Exercise brief
The records below are to be restated word for word; their pictures are not.

[[ Task inputs, beginning ]]

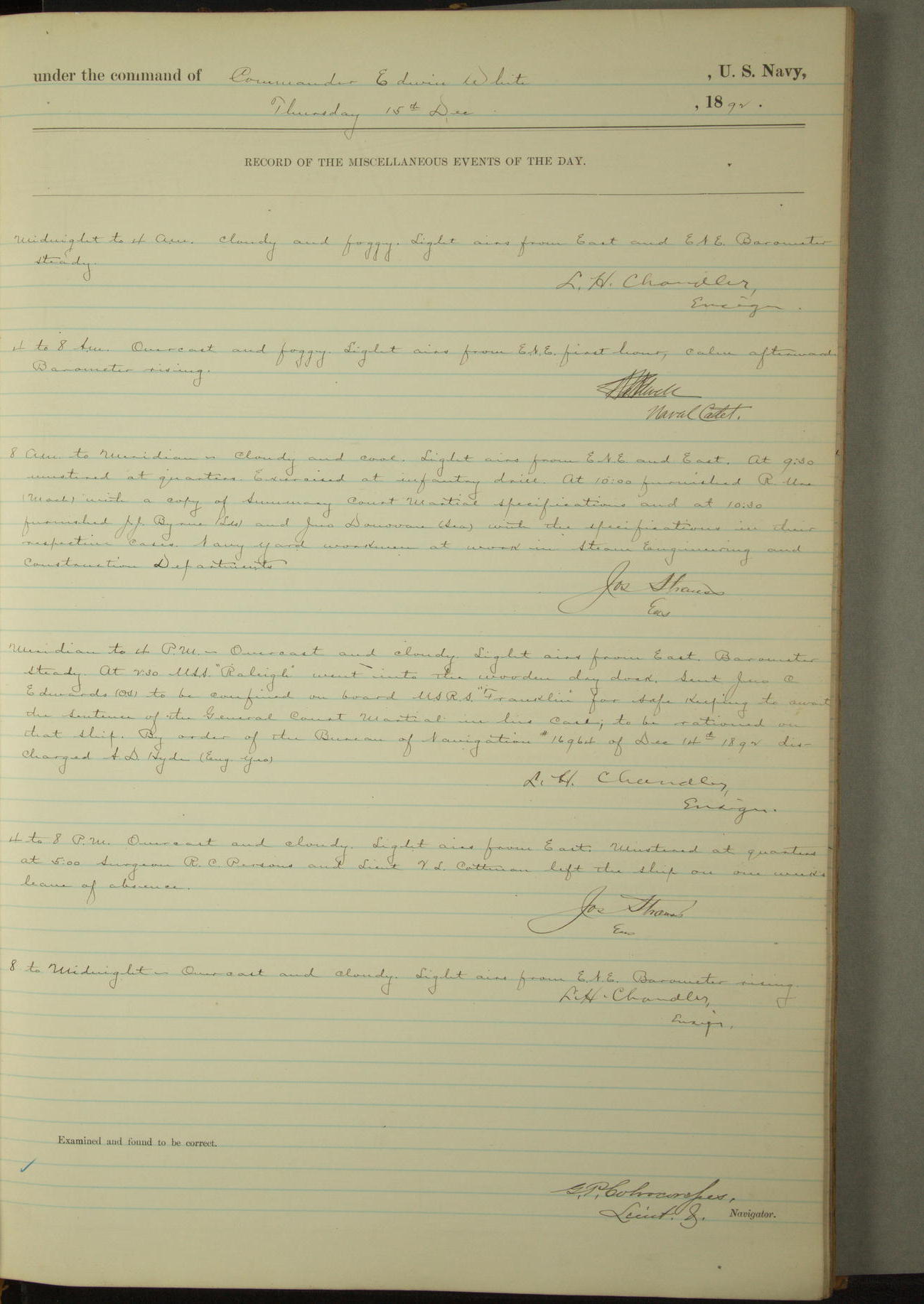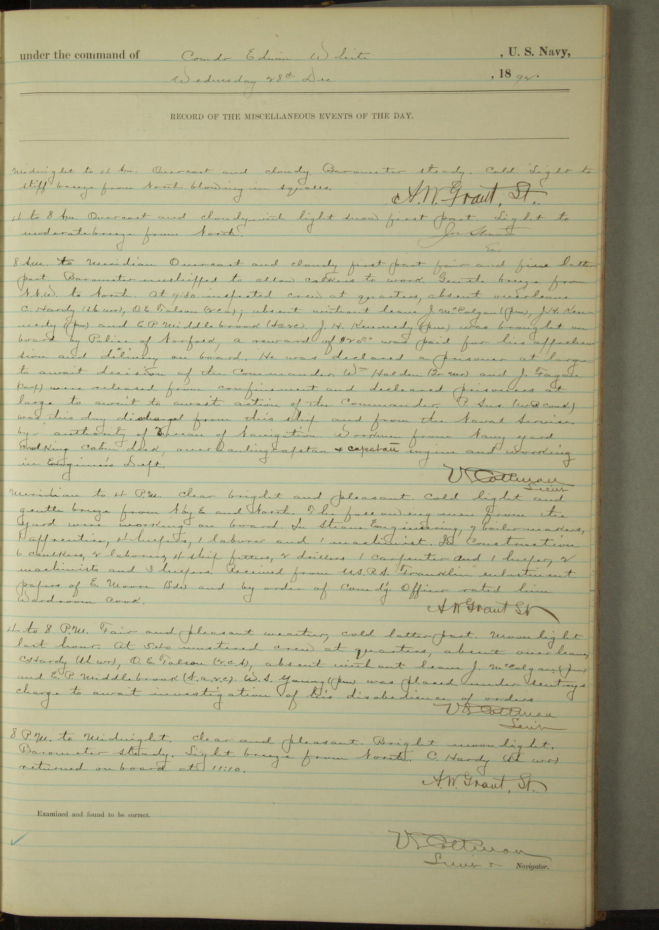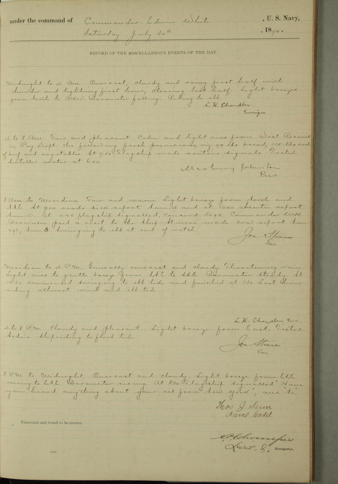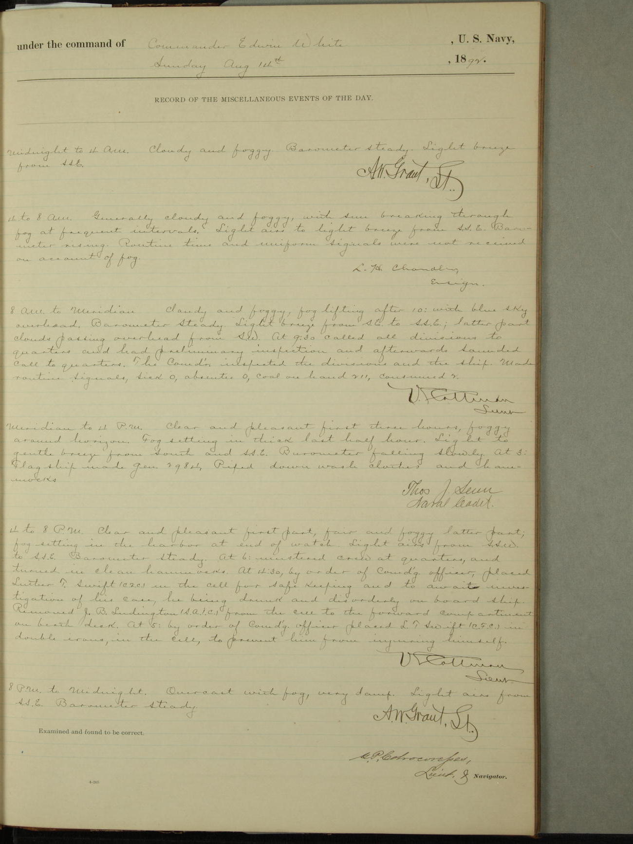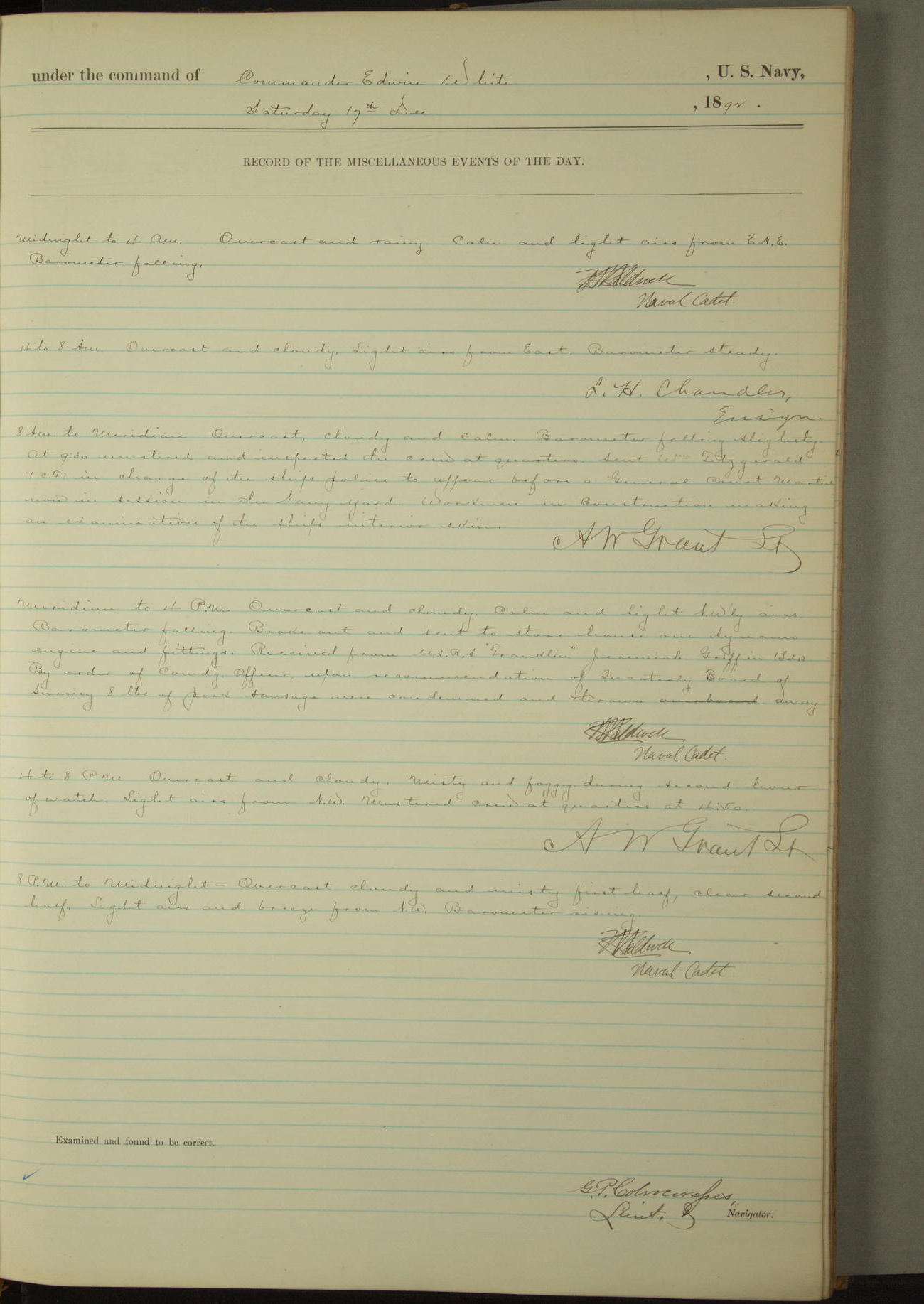 Examined and found to be correct. G. P. Ch????npes, Louit. G. Navigator
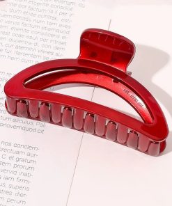 طرح روبانی و هلالی این کلیپس جلوهای شیک و مدرن به آن میبخشد. رنگ قرمز درخشان آن، انتخابی عالی برای استایلهای جسورانه، مهمانیها و استفاده روزانه است. این گیره مو بزرگ و محکم برای موهای با حجم متوسط و پرحجم مناسب است.
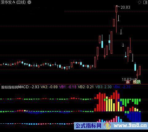 VB74:STICKLINE(VA3<0 AND VA3>=REF(VA3,1),10,10+VA3,1.5,0),COLORGREEN;
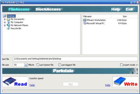 You can start a speed test on disks, cdroms and network shares. You get the transfer rate in KB or MB per second.
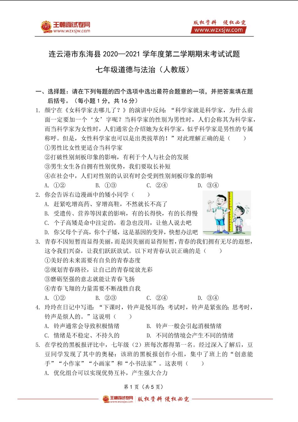 连云港市东海县2020—2021学年度第二学期期末考试试题七年级道德与法治(人教版)
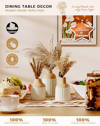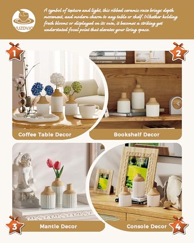🏡【Elegant Sandy Matte Glaze Complements Any Home Style】Crafted from 100% high-quality ceramic, this vase features a ribbed texture and a unique sandy matte stone-like glaze that gives it a natural, organic feel. Its clean lines and neutral tones make it a perfect match for modern, minimalist, boho, Japandi, Scandinavian, and rustic farmhouse interiors.
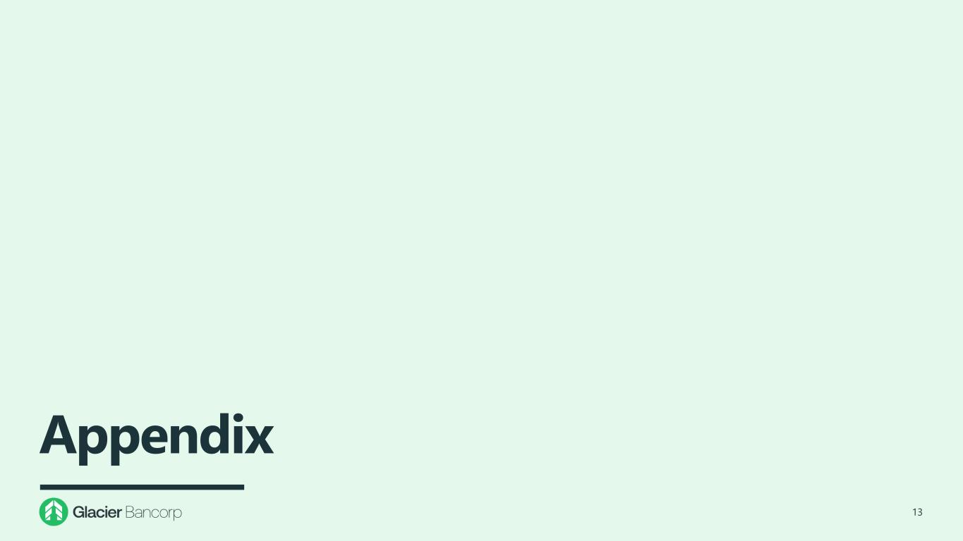 Concluding Observations 12  CFGW acquisition continues Glacier’s tradition of adding the highest quality community banks that fit the Glacier banking model  Eastern Washington is a key growth market in the Glacier footprint and one of the top agricultural markets in the nation  CFGW management and staff provide Glacier with executive and lending talent, deep market knowledge, Ag industry expertise, and strong customer relationships  Pricing metrics, deal structure, and conservative assumptions reflective of Glacier’s consistent, disciplined approach to acquisitions  Transaction will further enhance Glacier’s long-term record of creating shareholder value

[[ Task inputs, end ]]

Reply to the task
 Examined and found to be correct. G. P. Ch????npes, Louit. G. Navigator
 طرح روبانی و هلالی این کلیپس جلوهای شیک و مدرن به آن میبخشد. رنگ قرمز درخشان آن، انتخابی عالی برای استایلهای جسورانه، مهمانیها و استفاده روزانه است. این گیره مو بزرگ و محکم برای موهای با حجم متوسط و پرحجم مناسب است.
 VB74:STICKLINE(VA3<0 AND VA3>=REF(VA3,1),10,10+VA3,1.5,0),COLORGREEN;
 You can start a speed test on disks, cdroms and network shares. You get the transfer rate in KB or MB per second.
 连云港市东海县2020—2021学年度第二学期期末考试试题七年级道德与法治(人教版)
🏡【Elegant Sandy Matte Glaze Complements Any Home Style】Crafted from 100% high-quality ceramic, this vase features a ribbed texture and a unique sandy matte stone-like glaze that gives it a natural, organic feel. Its clean lines and neutral tones make it a perfect match for modern, minimalist, boho, Japandi, Scandinavian, and rustic farmhouse interiors.
 Concluding Observations 12  CFGW acquisition continues Glacier’s tradition of adding the highest quality community banks that fit the Glacier banking model  Eastern Washington is a key growth market in the Glacier footprint and one of the top agricultural markets in the nation  CFGW management and staff provide Glacier with executive and lending talent, deep market knowledge, Ag industry expertise, and strong customer relationships  Pricing metrics, deal structure, and conservative assumptions reflective of Glacier’s consistent, disciplined approach to acquisitions  Transaction will further enhance Glacier’s long-term record of creating shareholder value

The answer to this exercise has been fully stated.